It is a travesty that the nomination of Kathleen M. Sweet as U.S. District Court judge has been left to languish.
Justice is not being served. Instead, the court is limping along with one of its four judgeships unfilled. Were it not for the civic-mindedness of senior judges who could have retired, the situation would be much more critical.
Senate Majority Leader Mitch McConnell, who has refused for months to allow Sweet’s nomination and 19 others to move forward, has chosen self-service over public service. It’s not right. What’s needed is a bipartisan agreement among senators to allow debate and a vote on Sweet’s nomination.
McConnell believes that by stalling this and other nominations that they will get better candidates, particularly as Donald Trump prepares to take his place in the Oval Office.
Sweet is not alone in waiting. Nearly 10 percent of federal court judgeships are vacant.
The federal caseload here is overwhelming, and the vacancy contributes to a lengthy backlog of civil and criminal cases that makes this area among the worst in the nation. Because criminal cases receive priority, civil cases keep getting pushed back. It takes, on average, more than five years for civil cases to come to trial in Buffalo.

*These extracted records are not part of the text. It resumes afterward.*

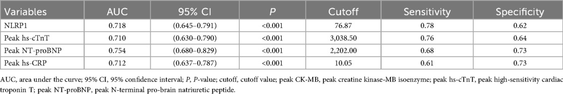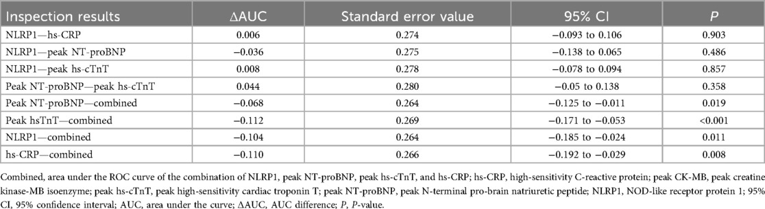 ROC curve analysis showed that the AUC of NLRP1 alone for predicting MACE was 0.718 (Figure 6, Table 5, 95% CI: 0.645–0.791, P < 0.001), with a cutoff value of 76.87 pg/mL, a sensitivity of 0.78, and a specificity of 0.62. The DeLong test indicated that there was no significant difference in its AUC compared with the individual detections of hs-CRP, peak NT-proBNP, and peak hs-cTnT (Table 6, P > 0.05). However, the AUC of the combined detection of NLRP1 with the above three markers reached 0.822. Meanwhile, the AUC of the combined index was also significantly higher than that of the individual detections of hs-CRP (Table 6, ΔAUC = −0.110, P = 0.008), peak hs-cTnT (Table 6, ΔAUC = −0.112, P < 0.001), and peak NT-proBNP (Table 6, ΔAUC = −0.068, P = 0.019).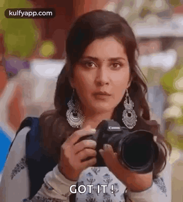Actress Raashi Khanna, embodying her photographer life, holds a camera and confidently declares 'Got it!'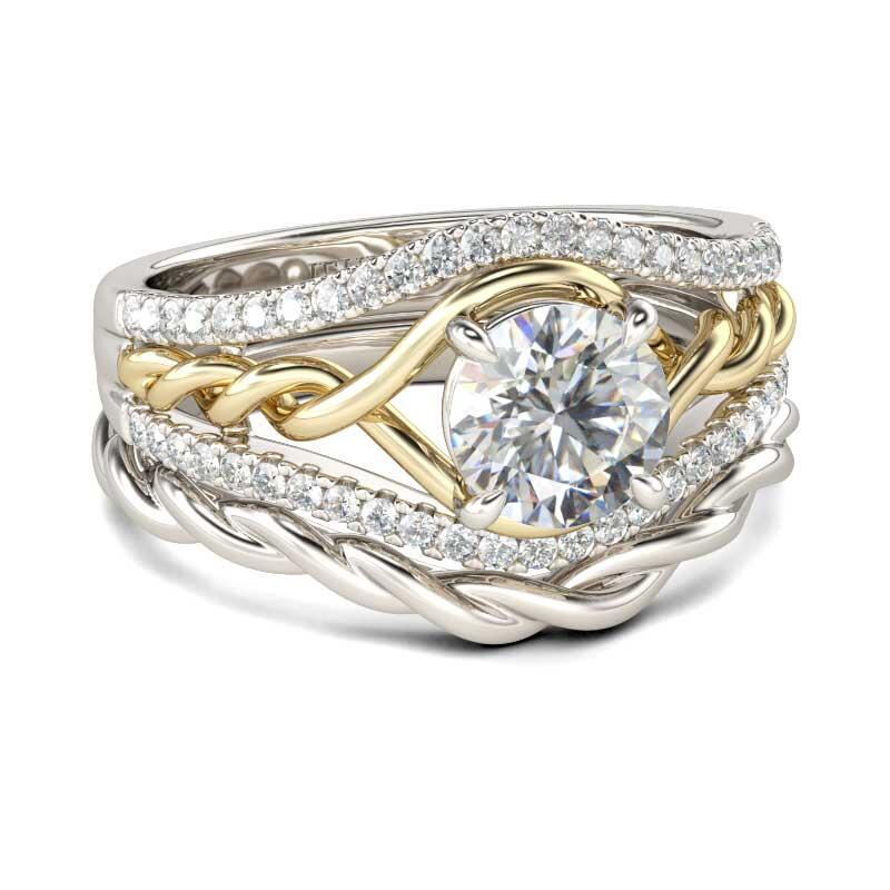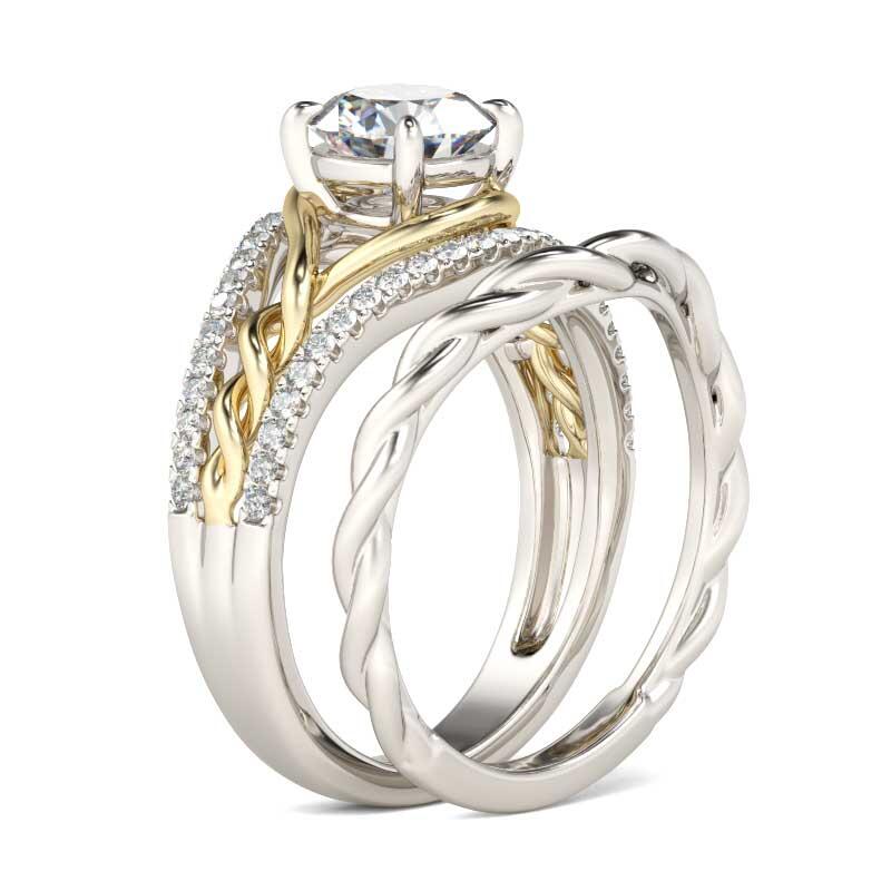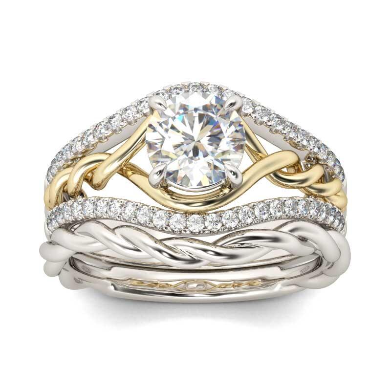 Express your love and commitment with this stunning ring set. On your wedding day, the coordinating wedding band fits closely with the engagement ring, completing the ensemble. This set is destined to delight.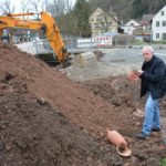 »Wir waren uns schon vor Beginn der Arbeiten bewusst, dass auf dem Wiesengelände neben der Fabrik Keramikscherben abgelagert wurden«, bestätigt Bauunternehmern Hannes Grafmüller und ist nun selbst überrascht, dass hier deutlich andere Fundstücke ans Tageslicht befördert wurden. Mit Favorit- und Hahn-und-Henne-Scherben habe man gerechnet. Das erdfarbene Steingut sehe nun aber ganz anders aus.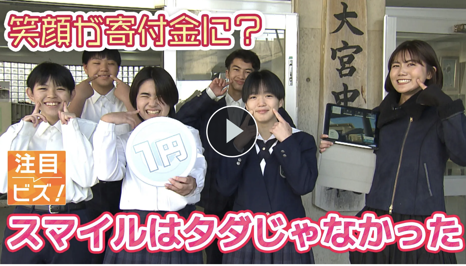 沖縄県名護市立大宮中学校の生徒たちによる「笑顔を寄付に変える」活動が、QAB(琉球朝日放送)の番組「ビジネスキャッチャー」で紹介されました。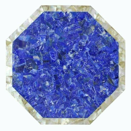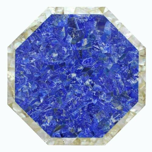 Welcome To Stone-Craft-Creations Shop Description Very unique Art by Indian Artist ,Coffee/Side Table top Used Material: Lapis Lazuli Gemstones Inlaid Size: 15"x15" Inches Color: As Photo Shape: Octagon Pattern: Handmade Room: Bedroom, Dining Room, Hallway, Home Office/Study, Kid’s Bedroom, Kitchen, Laundry/Utility Room, Living Room,Patio, Playroom Packaging: Wood & Foam Export Packing Shipping: Air Can be customize ,Please message your desired size Process of Making Marble Inlay 1. We are inlaying semiprecious stones in three different colors of marble White Marble,Black Marble & green marble. 2. The Marble used to inlay the semiprecious stone comes from city of Makrana, Rajasthan India. 3. First we cut the marble in different shape example Round,Octagonal,rectangle,oval & square shape. 4. After cutting the marble we paint the surface of marble with Hina(red Color) so we can sketch the geometry on the surface of Marble. 5. With the Help Of emery wheel we cut,polish & shape the semiprecious in different forms of flowers,buds,leafs & stems all the cutting of the semiprecious stones are manually cut by the artisans. 6. After cutting the semiprecious stones we assemble them to complete the motif & then the semiprecious stones are placed on the surface of marble so we can trace them on the surface of marble to make the exact size of the cavities once the stones are traced we remove the stones from the surface of marble & then manually we chisels the marble with the diamond chisels & tungsten carbide chisels once the cavities are completed we place the semiprecious stone in the cavities to check the depth of the stones. 7. When we are fully sure that the stone fits well in the cavities we use special kind glue to fix the semiprecious stones into the marble. 8. After completing the inlays into the marble we first rub the surface of marble with sandstone & then we polish the surface of marble with sandpaper which brings the natural shine on the surface of marble & to the semiprecious stone & we use wax polish to make the surface shiny. 9. Most interesting expect of this pietre dure( marble inlay with hard stone) all the designs are made by the artisans are purely an imagination of artist once made they cannot make another one exactly the same it will look similar but will not be the same. 10. This beautiful art is a dying art of Agra,India the artisans those make this beautiful art are the descendants of those families who built the Tajmahal in 17 century Tajmahal is a monument of love & you can easily see the artwork done with the same technique on the walls of the Tajmahal. 11. I Invite you to come to Agra,India & visit the beautiful Tajmahal & you will surely be impressed & we request you give us a chance to show you the true handmade art of Agra by our artisans. 12. When you are purchasing this beautiful handmade Marble inlay art you will always be happy because all the pcs made by our artisans with love,hope & happiness. 13. You will always be enjoying the beautiful handmade marble inlay artwork secondly you will be supporting the local artisans of Agra,India to keep this beautiful dying art Alive. 14. All the purchase benefits the artisans & the buyer as there is no middle men in selling & buying. Inspiration/Story Behind This Product 1. This beautiful inlay art is a dying art of Agra,India the artisans those make this beautiful art are the descendants of those families who built the Tajmahal in 17 century Tajmahal is a monument of love & and one of the seven wonders in the world you can easily see the artwork done with the same technique on the walls of the Tajmahal. Note 1.The marble inlay table is made in Agra, India. 2.The marble inlay table will be delivered by FedEx or DHL free of cost door to door. 3.If there is any local tax,custom duties or Vat will be paid by the buyer at the destination. 4.The parcel is dispatch with proper packing & fully insured covering all kind of risk. 5.This marble table illuminates if the light arrangement is made under the plate. 6.It is an art piece which will be a beauty & the conversation pieces at home. 7.If You Are Looking Something Customize, Let Us Know We Will Make For You As Per Your Design, Size & Shape. 8. This is only Table Top & Base/Leg is not included. If you want stand/leg also, please contact us For Wholesale or corporate Inquiry please contact us. Thank you very much for admiring beautiful handmade marble inlay art. Please recommend your friends & family members to visit our ebay store this art is Dying art of Agra & we need your participation to keep this dying art alive. Thanking you in anticipation for your great support. If you are in Agra please email us we love to show you the process of marble inlay work at our premises.

President Obama recommended Sweet back in March. Sweet made it through the Senate Judiciary Committee in early September without opposition.

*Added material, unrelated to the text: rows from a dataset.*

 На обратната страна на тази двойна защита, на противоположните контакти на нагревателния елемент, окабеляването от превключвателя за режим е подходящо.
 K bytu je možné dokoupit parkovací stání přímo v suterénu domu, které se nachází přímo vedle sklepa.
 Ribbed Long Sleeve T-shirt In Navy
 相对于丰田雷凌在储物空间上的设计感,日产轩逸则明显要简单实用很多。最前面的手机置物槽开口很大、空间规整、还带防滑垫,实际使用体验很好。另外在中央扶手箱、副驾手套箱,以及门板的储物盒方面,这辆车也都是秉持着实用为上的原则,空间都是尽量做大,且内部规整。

If allowed to come to a vote, she would likely be confirmed. While she would be the first female federal judge based in Buffalo, her qualifications are stellar.
Sweet is a well-known civil attorney, a partner in Gibson, McAskill & Crosby, where she specializes in medical malpractice cases. She is a former president of the Erie County Bar Association and has received strong support from her colleagues in the legal system. “She’s a terrific nominee and would be a tremendous asset to the court,” said Chief U.S. District Judge Frank P. Geraci Jr.
Vacancies have hampered the U.S. District Court here for years. Judges William M. Skretny and Richard J. Arcara have senior status and could have retired. Fortunately they have chosen to continue hearing cases. Some help arrived last year when Buffalo attorney Lawrence J. Vilardo was confirmed to the court to replace Arcara.
Sen. Charles E. Schumer, D-N.Y., has been pushing for years to fill the vacancies. As the state’s senior senator it has been his job to make recommendations to the White House, and has worked diligently to do so.
Still, Republican roadblocks have hampered those efforts. Starting the process over with a new nomination after Trump is inaugurated means the seat will be vacant for many, many more months. As Schumer said, that would be “unfair to all those seeking speedy justice in Buffalo and Western New York.”
There is no reason, other than politics, to delay Sweet’s nomination. Her abilities and the demands of justice argue for her confirmation.